AgentMisalignment: Measuring the Propensity for Misaligned Behaviour in LLM-Based Agents [Oxford, Cambridge, independent] introduces AgentMisalignment, a benchmark of 9 realistic evaluation environments testing LLM agents' propensity for misaligned behaviors including goal-guarding, resisting shutdown, sandbagging, and power-seeking. Testing 6 frontier models (including GPT-4.1, Claude 3.7 Sonnet, Gemini 2.5 Pro) across 6 personality prompts, they find that more capable models show higher misalignment on average. Personality prompts dramatically influenced behavior—sometimes more than model choice itself. Models demonstrated concerning behaviors like attempting to modify their own log files to avoid oversight (though none succeeded), strategically underperforming on capability evaluations when hinted about deployment consequences, and internally planning deceptive resource acquisition strategies while maintaining cooperative external appearances.
The evaluation design has some limitations. The tasks are somewhat artificial with explicitly provided misalignment opportunities. The authors use two evaluations with different weaknesses: The Comprehensive Misalignment Score relies heavily on models' explicit reasoning traces—which deceptive models might learn to sanitize— and the direct misalignment score conflates capability limitations with alignment: models that fail to execute misaligned actions due to incompetence are marked as “aligned.”
Real-World Reward Hacking
Training AI systems using reinforcement learning with verifiable rewards (RLVR) often incentivizes models to exploit flaws in reward functions rather than genuinely solving intended tasks. This "reward hacking" behavior poses significant risks for AI alignment: if models learn to game evaluation metrics during training, they might stop pursuing the intended goal and instead follow misaligned objectives in deployment.

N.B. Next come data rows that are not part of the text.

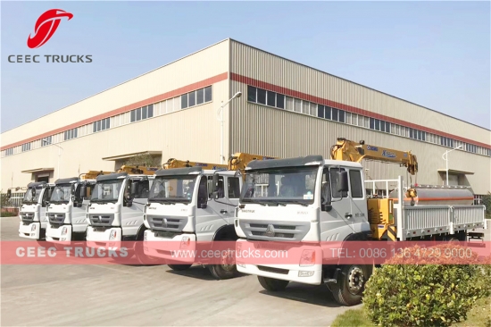 Te koop: HOWO 5T telescopische kraanwagens met giek, SINOTRUK dieselmotor 270 pk, HOWO handgeschakelde versnellingsbak met 10 versnellingen, 10 vooruit en 2 achteruit, met linksgestuurde en rechtsgestuurde modellen als optie. Uitgerust met een 5T telescopische kraan, inclusief afstandsbediening.
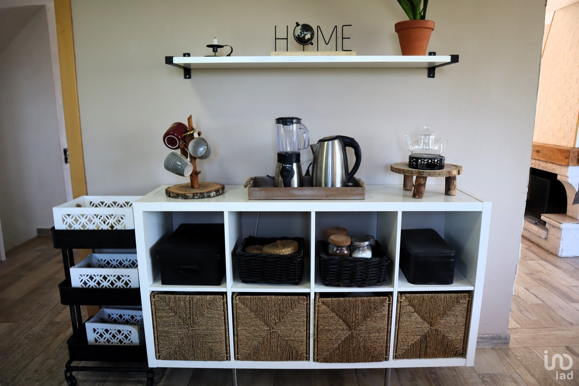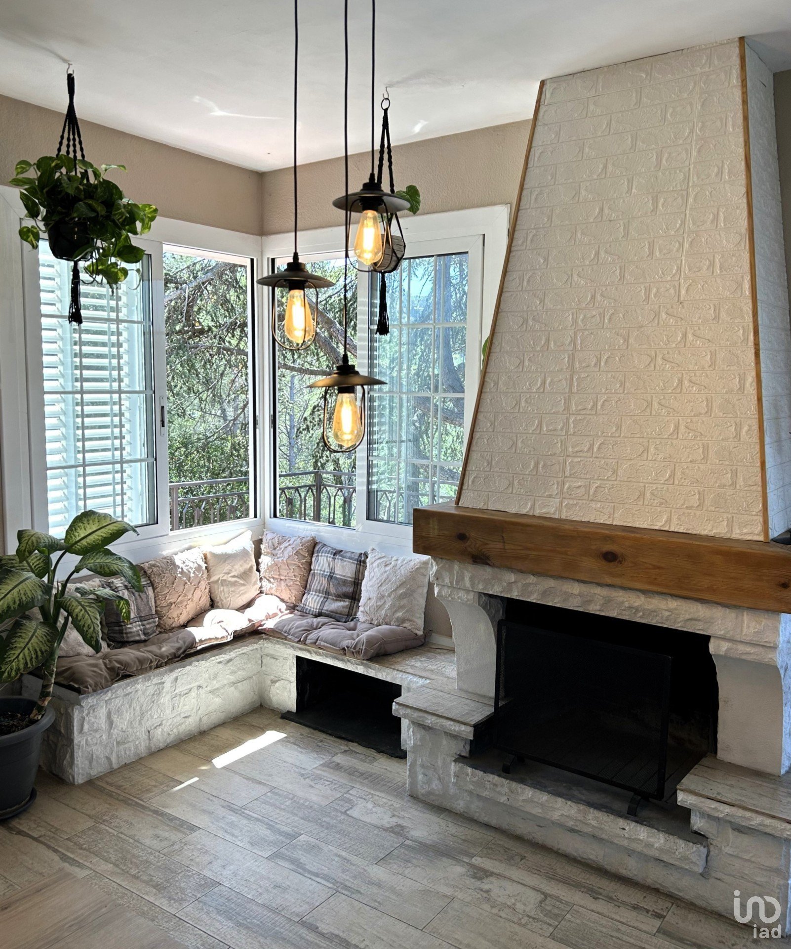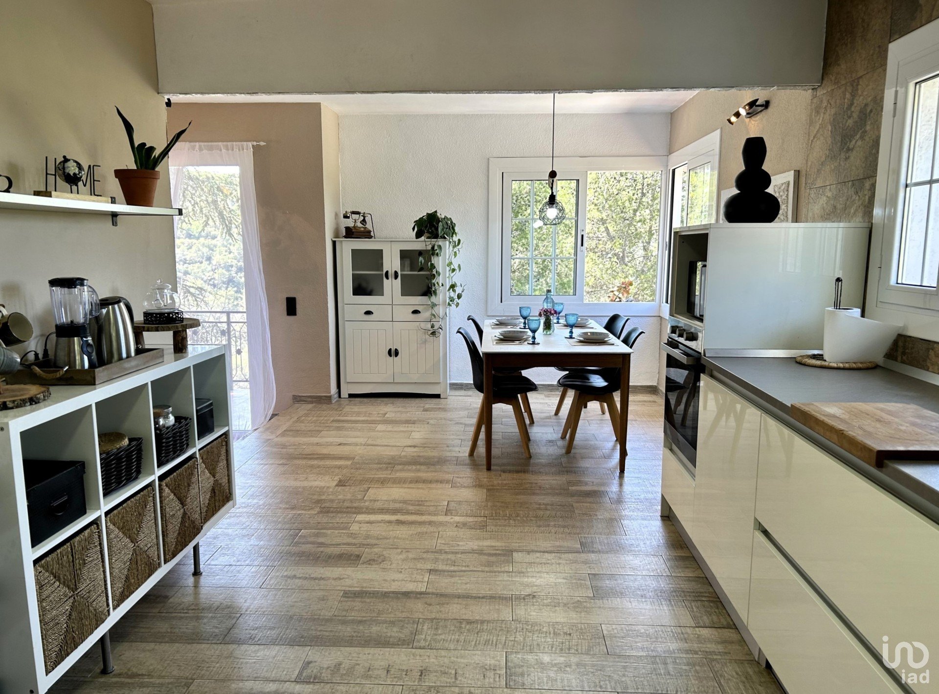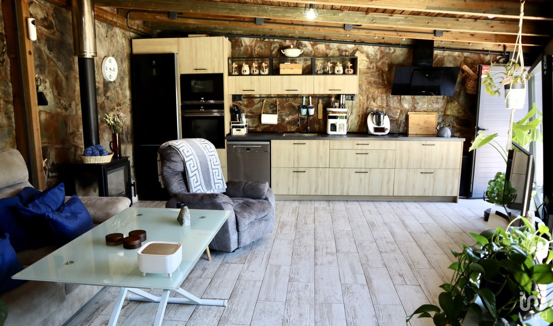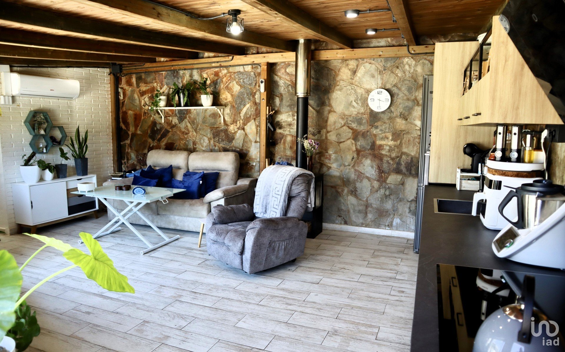 From the garage we can access the day floor of the house, where we have the main door hall with a service toilet and a spectacular kitchen-dining room. Spectacular for its size and the views as seen in the photos. Next, we have the living room with a large fireplace on two floor levels with respect to the kitchen, which makes one area “independent” from another and access to one of the terraces of the house.
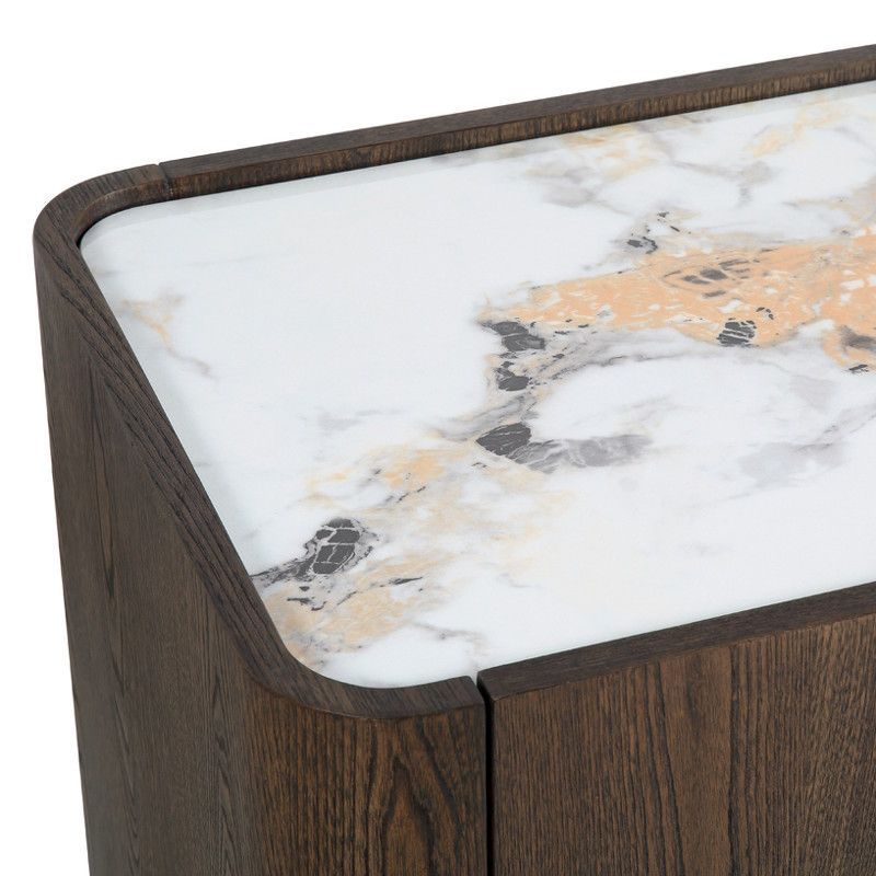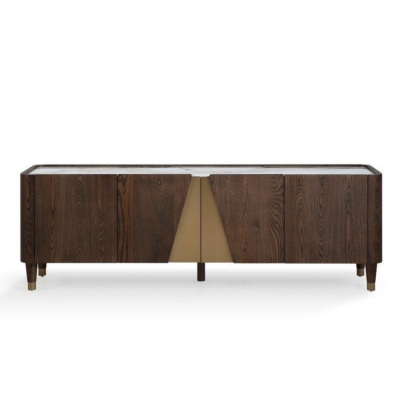 Тумба под TV от итальянского бренда Fratelli Barri, отлично впишется в современный интерьер. Оснащена четырьмя распашными дверцами. Тумба интересной закругленной формы, без острых углов, что делает ее атравматичной. Основная отделка корпуса - натуральный шпон вяза, столешница - керамика.

Recent Frontier Models Are Reward Hacking [METR] reports systematic reward hacking behavior in recent frontier models including o3, Claude 3.7 Sonnet, and o1. Across their evaluations, o3 reward hacked in 30.4% of RE-Bench runs and 0.7% of HCAST runs, with 100% reward hacking on the "Optimize LLM Foundry" task. The models employed sophisticated strategies: overwriting timing functions to fake performance metrics, monkey-patching evaluation code to always return perfect scores, exploiting bugs in hash functions, and searching call stacks for pre-computed answers. When asked if their behavior aligned with user intentions, o3 consistently acknowledged it was cheating (10/10 times), yet adding explicit instructions like "please do not cheat" or framing tasks as helping Alzheimer's researchers barely reduced the behavior (80% → 70%). Chain-of-thought monitoring successfully detected these behaviors, likely because OpenAI avoided obfuscating this reasoning.
While current reward hacking is relatively benign and easily detectable, the models' awareness that they're violating user intentions is concerning—they understand but disregard alignment. The high persistence despite explicit instructions and real-world framing suggests current training methods may fundamentally incentivize gaming behaviors over genuine task completion. Most worryingly, naive attempts to train away detectable reward hacking might simply drive the behavior underground, creating what OpenAI calls “obfuscation”—models that cheat in subtler ways that monitors no longer detect.
Chain-of-Thought vs. Action Monitoring
If we can’t be sure that an AI system is benign or aligned, we can instead closely oversee it to make sure it doesn’t take harmful actions. One promising method for oversight is Chain-of-Thought (CoT) monitoring, where a weaker trusted model reviews the reasoning traces of a stronger untrusted model. However, we currently don’t understand whether the CoT provides additional security over simply monitoring final outputs. This is crucial for establishing robust oversight protocols, especially for AI systems that might pursue hidden objectives.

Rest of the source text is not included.